简体   繁体   English

与 Python 多处理共享对象数组

[英]Sharing array of objects with Python multiprocessing

For this question, I refer to the example in Python docs discussing the "use of the SharedMemory class with NumPy arrays, accessing the same numpy.ndarray from two distinct Python shells". For this question, I refer to the example in Python docs discussing the "use of the SharedMemory class with NumPy arrays, accessing the same numpy.ndarray from two distinct Python shells".

A major change that I'd like to implement is manipulate array of class objects rather than integer values as I demonstrate below.我想实现的一个主要更改是操作 class 对象数组,而不是 integer 值,如下所示。

import numpy as np
from multiprocessing import shared_memory    

# a simplistic class example
class A(): 
    def __init__(self, x): 
        self.x = x

# numpy array of class objects 
a = np.array([A(1), A(2), A(3)])       

# create a shared memory instance
shm = shared_memory.SharedMemory(create=True, size=a.nbytes, name='psm_test0')

# numpy array backed by shared memory
b = np.ndarray(a.shape, dtype=a.dtype, buffer=shm.buf)                                    

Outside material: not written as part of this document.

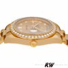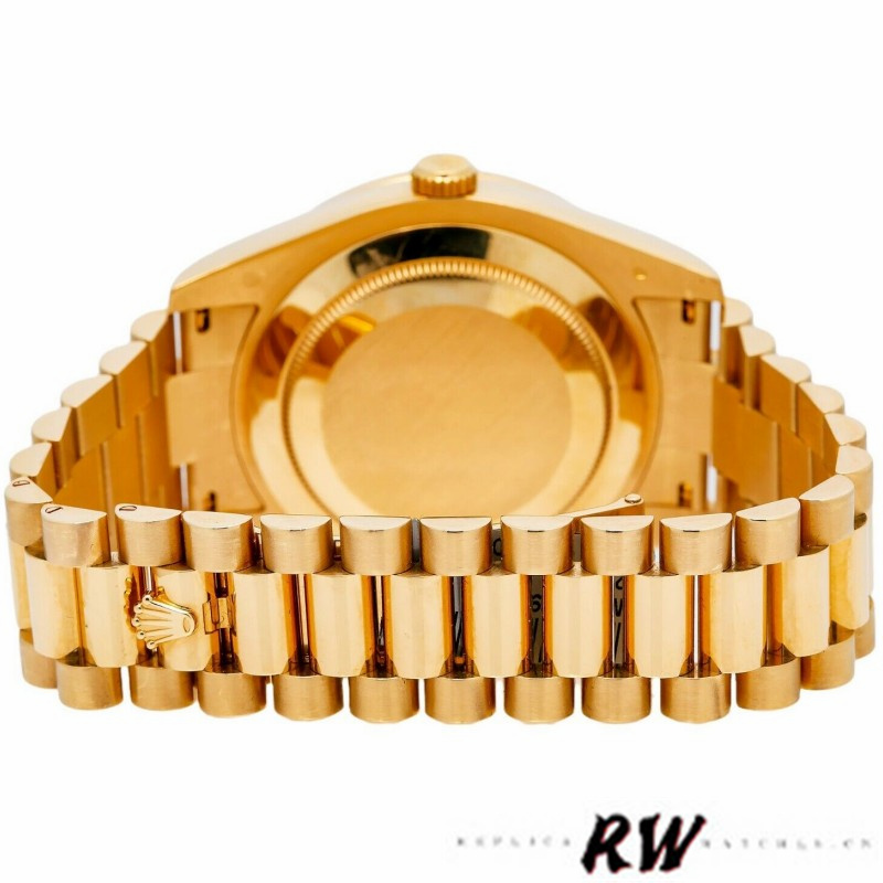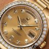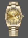 Rolex Day-Date 218348 Champagne Diamonds Dial 41MM Mens Replica Watch,has a 41mm Yellow gold case that has a solid case back with Screw Down Crown and Diamonds Bezel.Scratch resistant sapphire crystal with Cyclops magnifier.Champagne Dial with Diamonds Hour Markers,Date Window Displayed at 3 O’Clock,Day Window Displayed at 12 O’Clock,Yellow gold three-piece-link Presidential bracelet with a fold-over clasp.

# copy the original data into shared memory
b[:] = a[:]                                  

print(b)                                            

# array([<__main__.Foo object at 0x7fac56cd1190>,
#       <__main__.Foo object at 0x7fac56cd1970>,
#       <__main__.Foo object at 0x7fac56cd19a0>], dtype=object)

Now, in a different shell, we attach to the shared memory space and try to manipulate the contents of the array.现在,在不同的 shell 中,我们附加到共享的 memory 空间并尝试操作数组的内容。

import numpy as np
from multiprocessing import shared_memory

# attach to the existing shared space
existing_shm = shared_memory.SharedMemory(name='psm_test0')

c = np.ndarray((3,), dtype=object, buffer=existing_shm.buf)

Even before we are able to manipulate c , printing it will result in a segmentation fault.甚至在我们能够操作c ,打印它就会导致分段错误。 Indeed I can not expect to observe a behaviour that has not been written into the module, so my question is what can I do to work with a shared array of objects?事实上,我不能指望观察到尚未写入模块的行为,所以我的问题是如何处理共享对象数组?

I'm currently pickling the list but protected read/writes add a fair bit of overhead.我目前正在挑选列表,但受保护的读/写会增加相当多的开销。 I've also tried using Namespace , which was quite slow because indexed writes are not allowed.我也尝试过使用Namespace ,这很慢,因为不允许索引写入。 Another idea could be to use share Ctypes Structure in a ShareableList but I wouldn't know where to start with that.另一个想法可能是在 ShareableList 中使用ShareableList Ctypes 结构,但我不知道从哪里开始。

In addition there is also a design aspect: it appears that there is an open bug in shared_memory that may affect my implementation wherein I have several processes working on different elements of the array.此外还有一个设计方面: shared_memory中似乎有一个开放的错误可能会影响我的实现,其中我有几个进程在处理数组的不同元素。

Is there a more scalable way of sharing a large list of objects between several processes so that at any given time all running processes interact with a unique object/element in the list?是否有一种更可扩展的方式在多个进程之间共享大量对象列表,以便在任何给定时间所有正在运行的进程都与列表中的唯一对象/元素交互?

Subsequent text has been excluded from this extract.